「真剣に偏見解消を」ハンセン病家族、厚労相らに訴え

 ハンセン病元患者の家族による民事訴訟の判決確定を受け、厚生労働省は2日、法務省、文部科学省と合同で、原告団の家族らと偏見差別の解消に向けた施策を話し合う初の協議を開いた。これに先立ち、家族らと面会した加藤勝信厚労相はこれまでの施策を謝罪した上で「改めて問題の奥深さを知った」と述べ、人権啓発などの取り組みを強化する考えを示した。

 「長い間、父のことを隠して隠して生きてきた」。加藤氏との面会で涙ながらに話したのは、秋田県出身の女性。父親が元患者だったことは夫の親族や友人にも伝えていない。「関係性が変わってしまうという不安から話せない」といい、加藤氏に「秘密を抱えなくてもいいように施策を進めてほしい」と訴えた。

 沖縄県出身の女性は、夫との結婚話を猛反対された経験を披露。夫の両親から「別れてくれ」と言われ、「強いショックを受け、何も言えなかった」。平成8年に、らい予防法が廃止された後だったが、「沖縄の人たちの偏見差別はそれほど強かった」と強調した。

 別の女性は姉と兄が小学校でハンセン病を扱った映画を見させられ、いじめがよりひどくなったことを打ち明け、「形だけの施策はいらない。真剣に、本気で偏見差別をなくしてほしい」と訴えた。

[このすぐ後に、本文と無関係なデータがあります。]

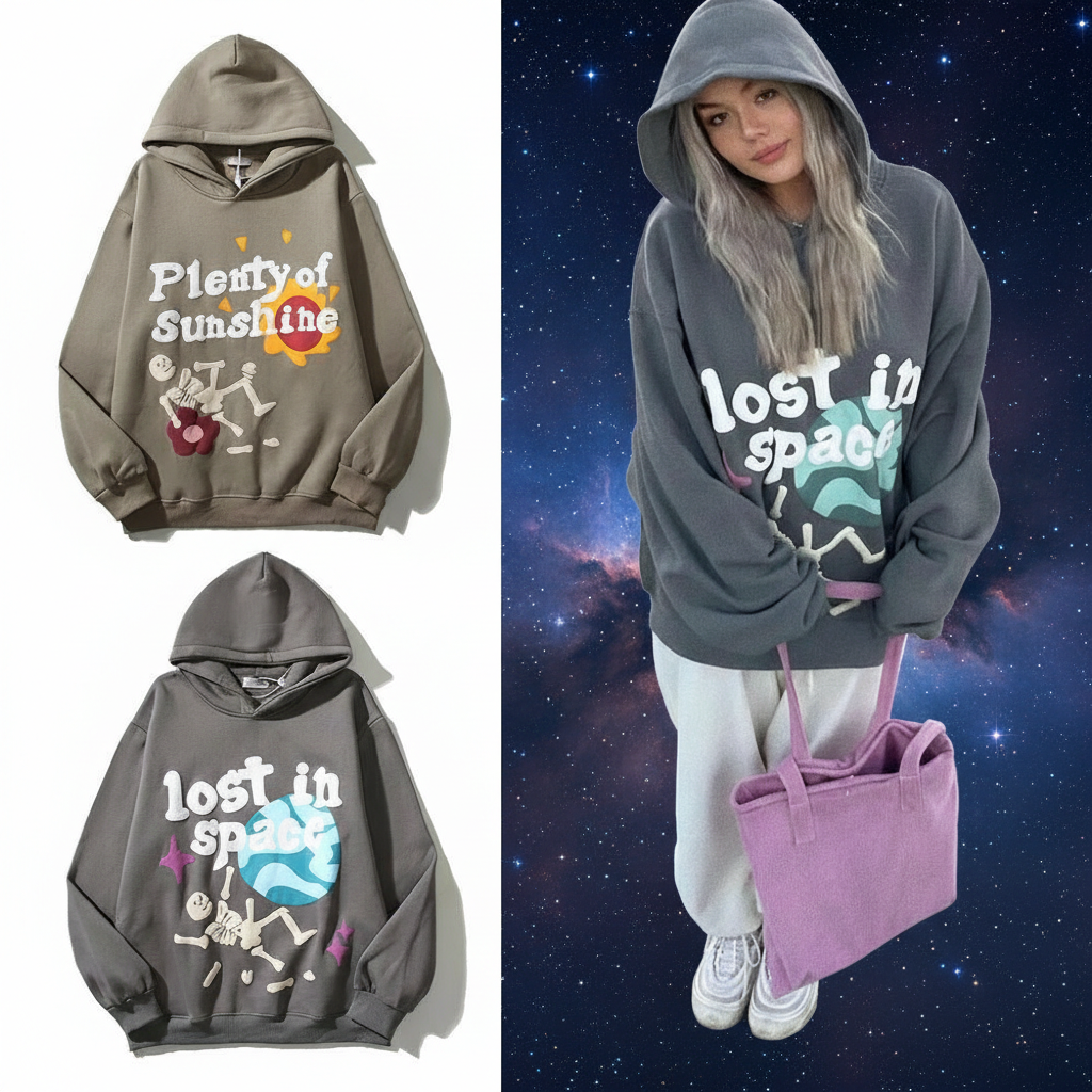 Broken Planet Hoodie, comfy oversized design with playful “Plenty of Sunshine” and “Lost in Space” prints, perfect for streetwear style and casual layering.

 合同協議では、橋本岳厚労副大臣が「偏見や差別を解消する国の目的が達成できていないことは厳然とした事実」と発言。これに対し、原告弁護団の徳田靖之共同代表は「啓発活動に効果があったのか検証せねばならない」と述べた。

 元患者の家族をめぐっては、原告団以外の家族を含めた被害補償のための関連法案が、4日招集の臨時国会に議員立法で提出される見通し。

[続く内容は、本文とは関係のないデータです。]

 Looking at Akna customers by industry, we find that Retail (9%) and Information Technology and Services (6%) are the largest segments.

 地裁判決では、続柄に応じて慰謝料に差がついた。国は補償額を判決より増額させる方針だが、一律補償を望む原告側との間で隔たりがある。家族の範囲に関しては親子や配偶者、きょうだいだけでなく、同居していたことを条件に、おいやめい、孫も対象とする方向で調整が進められている。